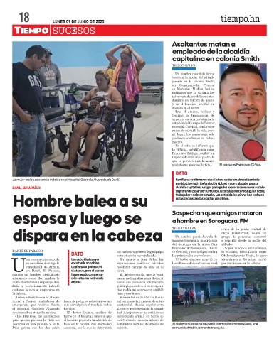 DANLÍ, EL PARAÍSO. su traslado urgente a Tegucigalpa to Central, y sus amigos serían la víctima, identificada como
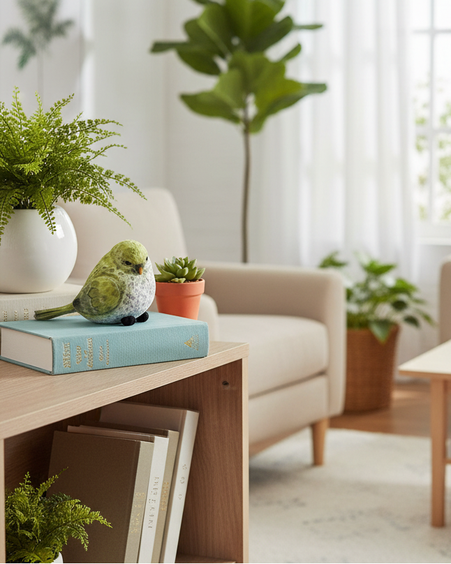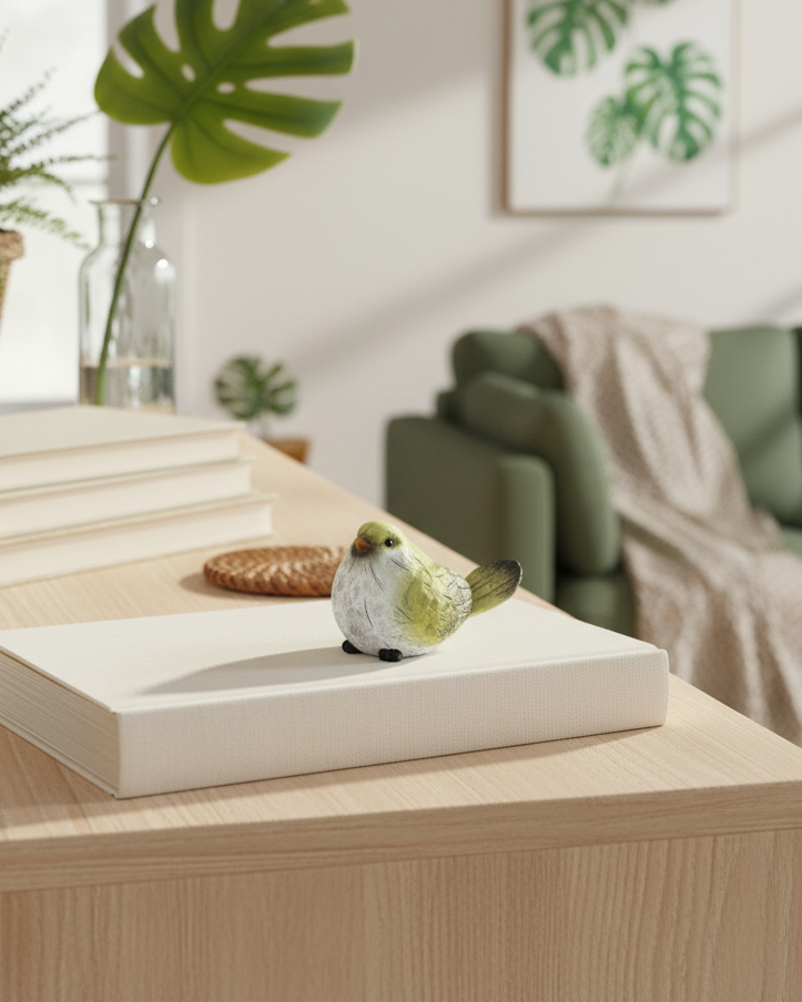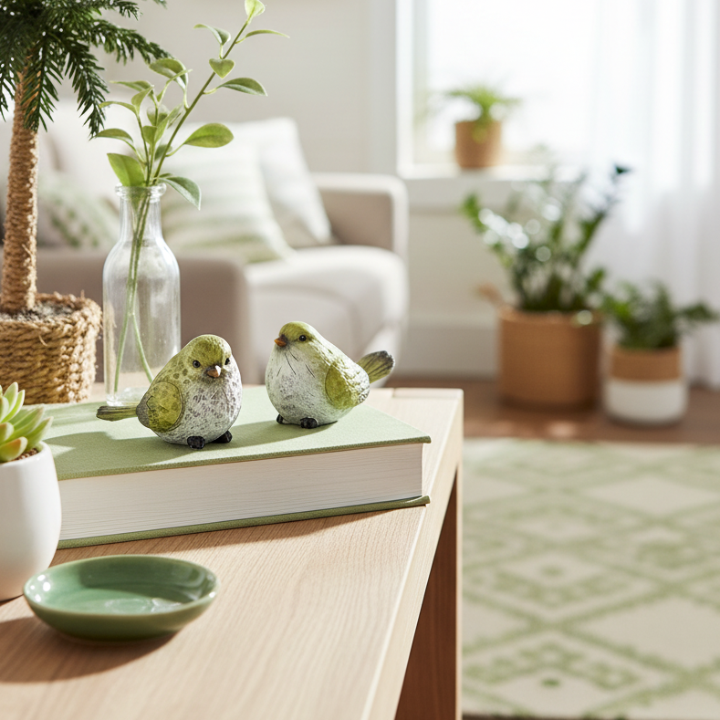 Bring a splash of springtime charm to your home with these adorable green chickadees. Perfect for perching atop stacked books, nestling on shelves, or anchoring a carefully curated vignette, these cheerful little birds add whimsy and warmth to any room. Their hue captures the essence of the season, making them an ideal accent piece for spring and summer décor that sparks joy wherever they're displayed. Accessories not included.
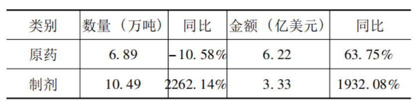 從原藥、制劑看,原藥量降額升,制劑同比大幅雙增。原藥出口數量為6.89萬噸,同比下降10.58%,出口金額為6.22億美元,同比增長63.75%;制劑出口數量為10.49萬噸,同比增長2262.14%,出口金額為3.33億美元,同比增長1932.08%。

Directions>
Reproduce all lines above exactly. Leave the images out.

Written solution>
 DANLÍ, EL PARAÍSO. su traslado urgente a Tegucigalpa to Central, y sus amigos serían la víctima, identificada como
 Bring a splash of springtime charm to your home with these adorable green chickadees. Perfect for perching atop stacked books, nestling on shelves, or anchoring a carefully curated vignette, these cheerful little birds add whimsy and warmth to any room. Their hue captures the essence of the season, making them an ideal accent piece for spring and summer décor that sparks joy wherever they're displayed. Accessories not included.
 從原藥、制劑看,原藥量降額升,制劑同比大幅雙增。原藥出口數量為6.89萬噸,同比下降10.58%,出口金額為6.22億美元,同比增長63.75%;制劑出口數量為10.49萬噸,同比增長2262.14%,出口金額為3.33億美元,同比增長1932.08%。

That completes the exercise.